For 53 years and more than 2,650 weekly episodes straight, WLUC produced an hour-long show called Suomi Kutsuu (Finland Calling), the only Finnish language program in the United States. The show debuted on March 27, 1962, initially created to boost tourism to Nordic countries, and featured Finnish culture, music, and discussions with wide-ranging guests including taxi drivers, out-of-town visitors to the area, and several presidents of Finland.

The host of every episode was Carl Pellonpaa, a former figure on Finnish radio who wore a signature powder blue sport coat. Camera operators had to learn a few words of Finnish just to be able to follow the show.

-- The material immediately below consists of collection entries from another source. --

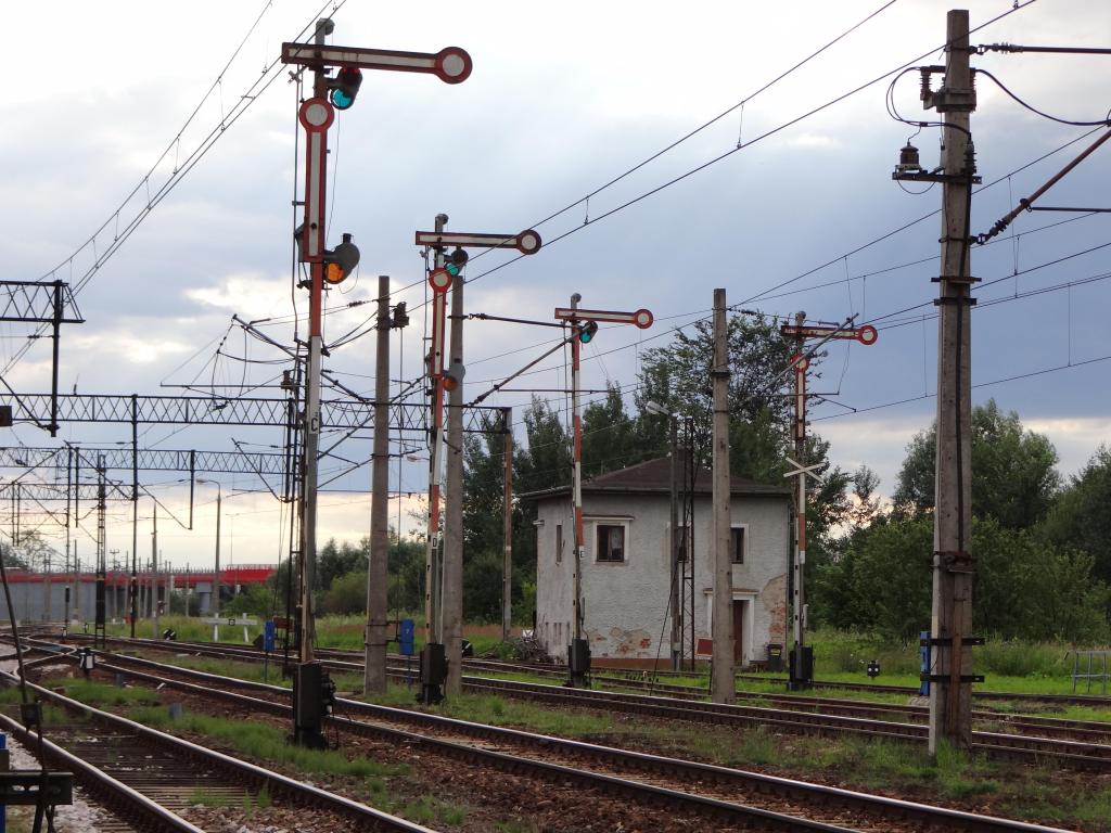 Wschodnia głowica rozjazdowa; wyjazd na Elbląg. Widoczne wszystkie cztery semafory wyjazdowe. Budynek służby drogowej (magazyn i schronisko). Widok w kierunku Elbląga. 41,2 km/ 85,3 km.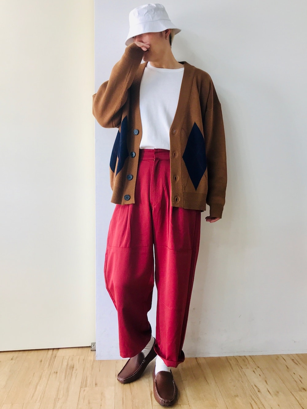 赤のパンツをメインに考えたコーデ😁 パンツ kutir サイズスモール ウエスト72 だと ハイウェイで履いて落ちてこないね👍 アウターにWEGOのだぼだぼカーディガン ブラウン ハット、インナー、ソックスを白で少し軽さを出して 足元はブラウンでもう一度締め😁👍 この白ハット 好きやわ〜😘 🌈今日の格言🌈 人にものを教えることはできない。 みずから気づく手助けができるだけだ。 - ガリレオ・ガリレイ -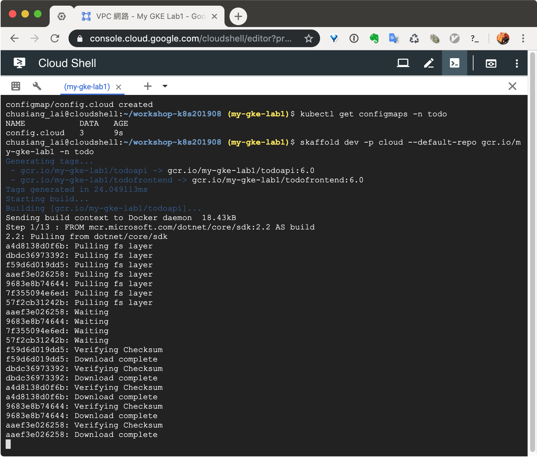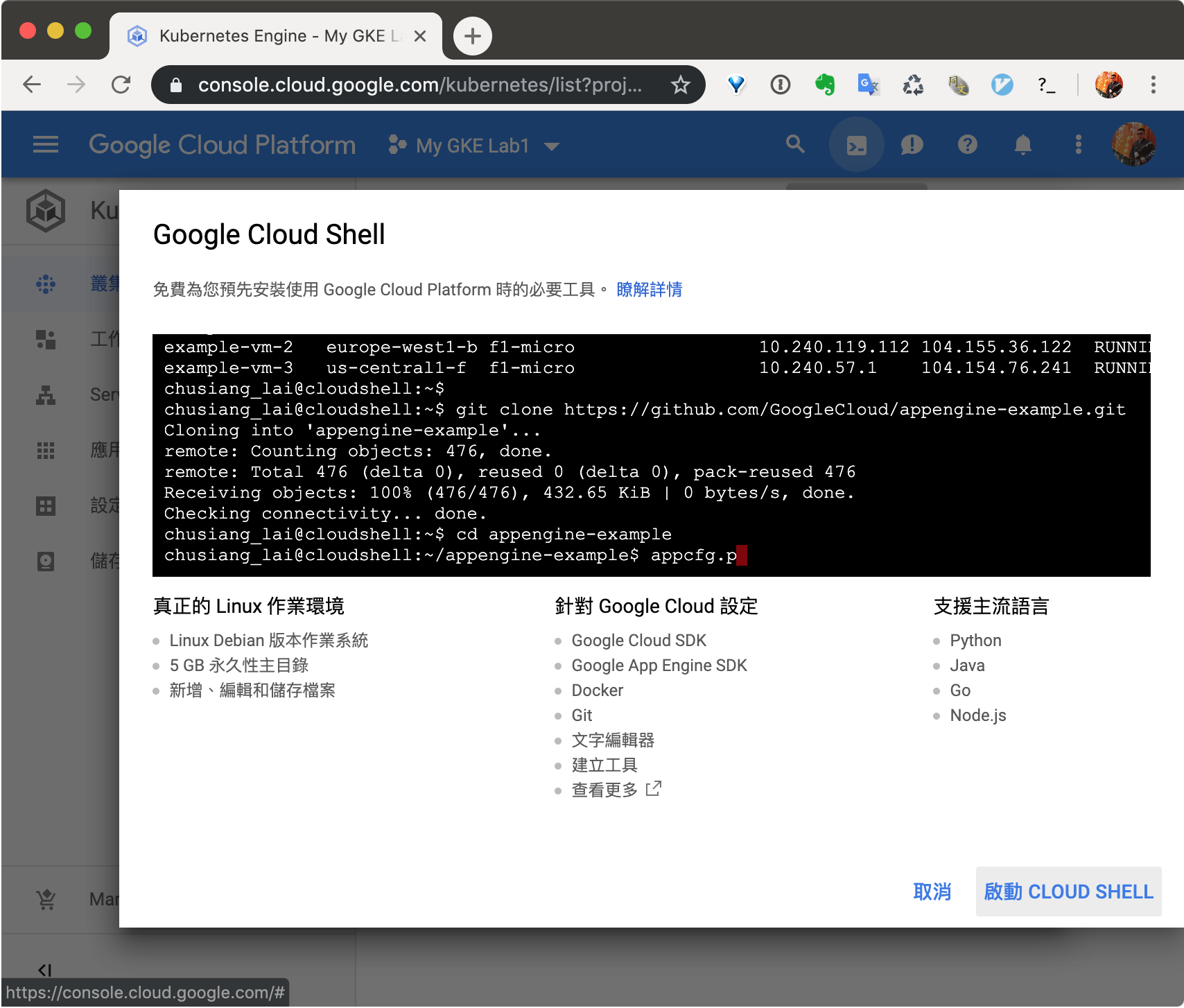 回到 GCP 的 Cloud Shell 界面觀看 GKE Setup 的結果。

"In November I did a swan dive onto my garage floor and fractured my knee cap and sprained my right wrist and battered my face up a little bit like in a boxing match ... the kids piled me into the back seat and I laid there and they took me to the studio and I did the show."
 – Carl Pellonpaa, 2015

Pellonpaa never missed an episode despite having open-heart surgery, two hip replacements, and cancer throughout his tenure. In the 1960s, he once hosted the show via telephone because he had mumps. Over the decades, Pellonpaa switched from a live broadcast to pre-taping the program on Wednesdays, and he began to incorporate more English translations. In the show's early years, about 25% of the Marquette area had Norwegian ancestry.

Pellonpaa became a beloved figure among Yoopers. In the Marquette area, his Nielsen ratings beat Fox News Sunday and NBC's Meet the Press. When 84-year-old Pellonpaa announced his retirement, with the Suomi Kutsuu series finale on March 29, 2015, The Wall Street Journal wrote that Pellonpaa's career "far outpaces David Letterman, Johnny Carson and Saturday Night Live. Some might say he is Finnished."

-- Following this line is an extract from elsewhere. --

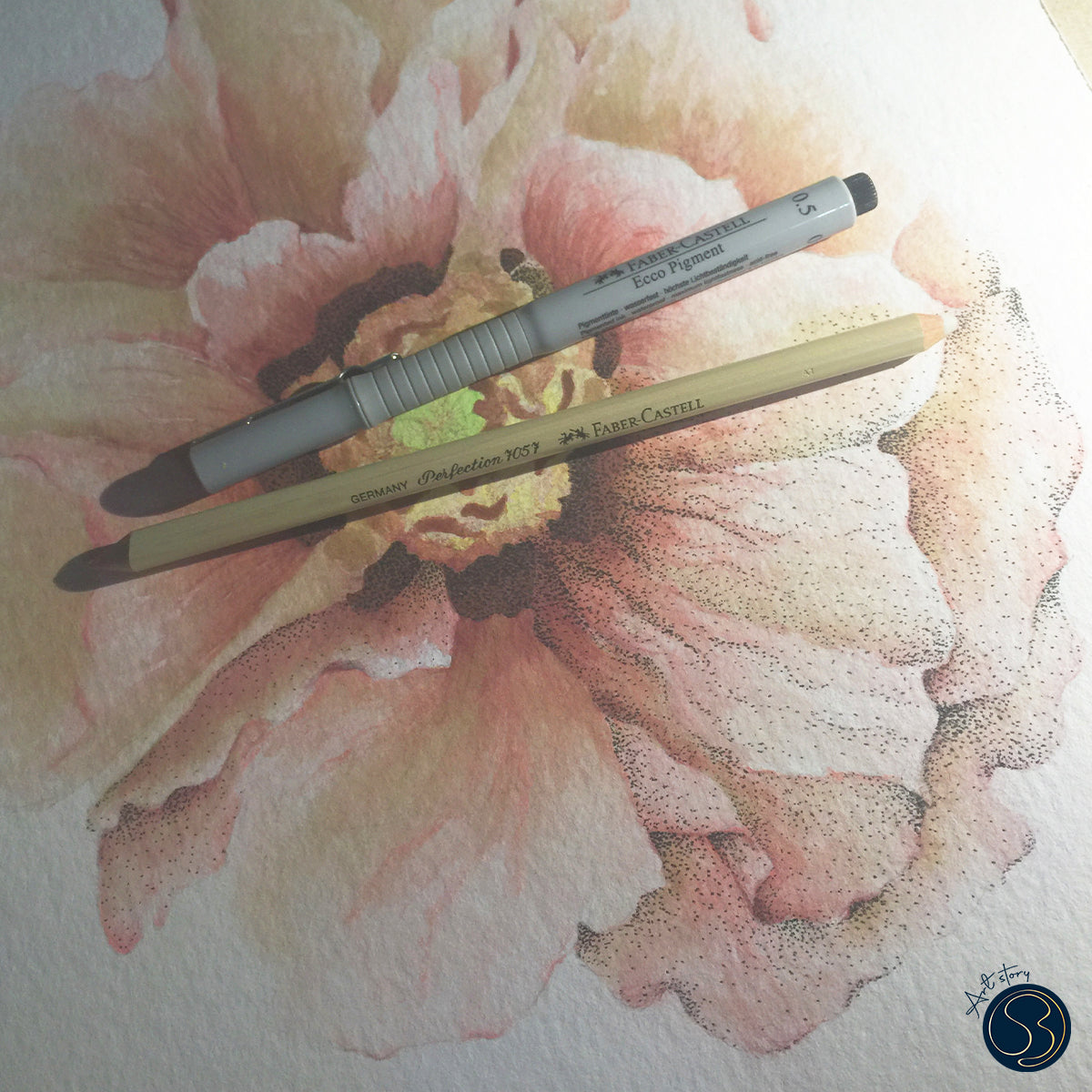 I love combining different media and discover my own techniques. Experimenting brings me lots of joy. Ceramics and jewellery, watercolours and ink pen, colour pencils and watercolours, acrylics and gilding… And much more to try.

Pellonpaa hosted 22 tours to Finland and dozens of dances to Finnish music. In 1988, he was awarded the Order of the White Rose from then President Mauno Koivisto for hosting the program and for inspiring tourism to Finland. Carl Pellonpaa died on September 1, 2018.

===Previous logo===

Previous logo.

WLUC used the same multicolored "6" logo for many years from as early as the early 1990s until September 2008. From about 1989 until 1992, a similar metallic-looking "6" was used with a rainbow slash underneath. The rainbow, while used with on-air promos and the news open, was never used on mic flags during this time. From the time WLUC went on the air in 1956, network logos were always separate from the channel logo. That changed in 1992 when the ABC ball was lodged inside the "6".

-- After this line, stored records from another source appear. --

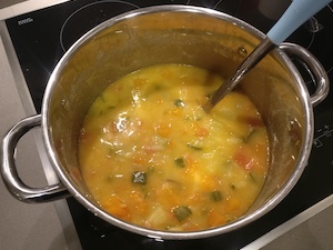 Per risparmiare tempo, invece di tagliare tutte le verdure all’inizio e poi metterle dentro in base ai tempi di cottura, sono meno rigida sui tempi di cottura e le inserisco man mano che ho finito di tagliarle.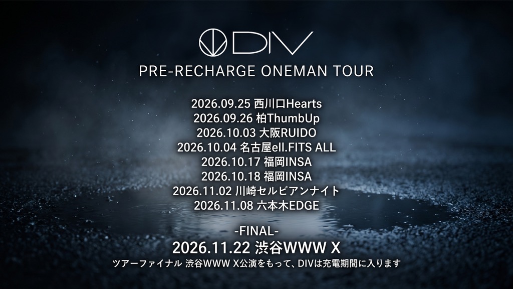 充電に先立ち、9月25日より全国ワンマンツアー<DIV PRE-RECHARGE ONEMAN TOUR>が開催される。本ツアーは、これまでの活動を経て到達した現在地を提示すると同時に、その先へと向かうための重要なライヴシリーズとなる。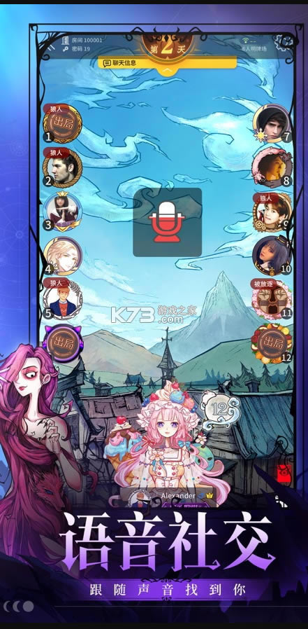 拥有狼人杀R相关商标,还原面杀玩法,带来沉浸式心跳体验!全网首发炼金魔女、狼鸦之爪、纯白之女、血月使徒、咒狐等角色,挖掘你的巅峰演技!人气主播、偶像明星每晚组局, 随时遇见你的心动~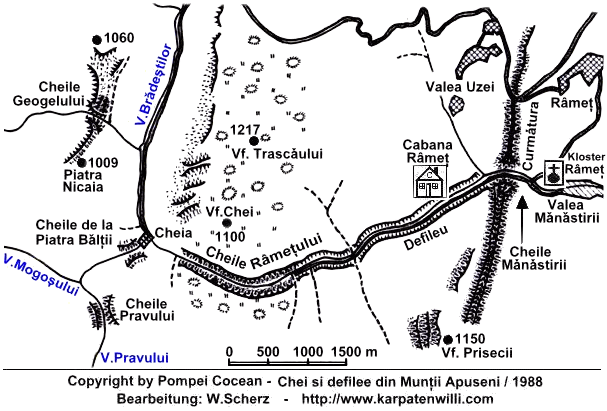 Über den Abschnitt Cheile Manastirii und Cheile Râmetului wurde bereits unter: http://www.karpatenwilli.com/images/dia26.htm berichtet. Die Anreise erfolgt über die -E 81- (1) mit Abzweig in Teius über Stremt - Geoagiu de Sus und weiter das Valea Manastirii hochwärts. Für normale Fahrzeuge der einzige sichere Anfahrtsweg. Achtung: Viele Touristen verwechseln eine Anfahrt zur Cheile Râmet mit dem Abzweig in Aiud (Aiudul de Sus), zur Gemeinde Râmet (siehe unten) hinauf. Rucksacktouristen können sich dem Gebiet aus allen Richtungen nähern. Die Wanderwege dieser Region sind gut markiert -> siehe "Kartenübersicht"! |

When the station switched to primary NBC in 1995, it simply replaced the ABC logo with the letters "NBC" rather than place the network's peacock alongside the "6" as many NBC affiliates do. The logo design, however, became somewhat dated at that point as computer graphics improved and the years went on. From this point until abandoning the rainbow "6", a viewer unfamiliar to the market could accidentally discern that WLUC was an ABC affiliate. On September 8, 2008, it phased out its "multicolored" 6 logo and went with the letters "TV 6" inside an oval tilted to the right. It also changed its longtime slogan from "Someplace Special" (used since the early 1980s) to "Upper Michigan's Source".

==WLUC-DT2==
WLUC-DT2 is the Fox-affiliated second digital subchannel of WLUC-TV, broadcasting in 720p high definition on channel 6.2. In mid-February 2022, the over-the-air signal of WLUC-DT2 was upgraded to 720p HD; ever since its inception, the subchannel had broadcast in 480i widescreen standard definition, while an HD feed was carried on local cable systems.

===History===
WLUC-DT2 signed-on at some point in late 2005 (under Raycom Media ownership) carrying The Tube Music Network. After that network shut down on October 1, 2007, due to a lack of advertising, NBC Weather Plus was added. Later, Weather Plus was dropped in favor of Universal Sports. Throughout its association with those three services, WLUC-DT2 was carried on Charter digital channel 306.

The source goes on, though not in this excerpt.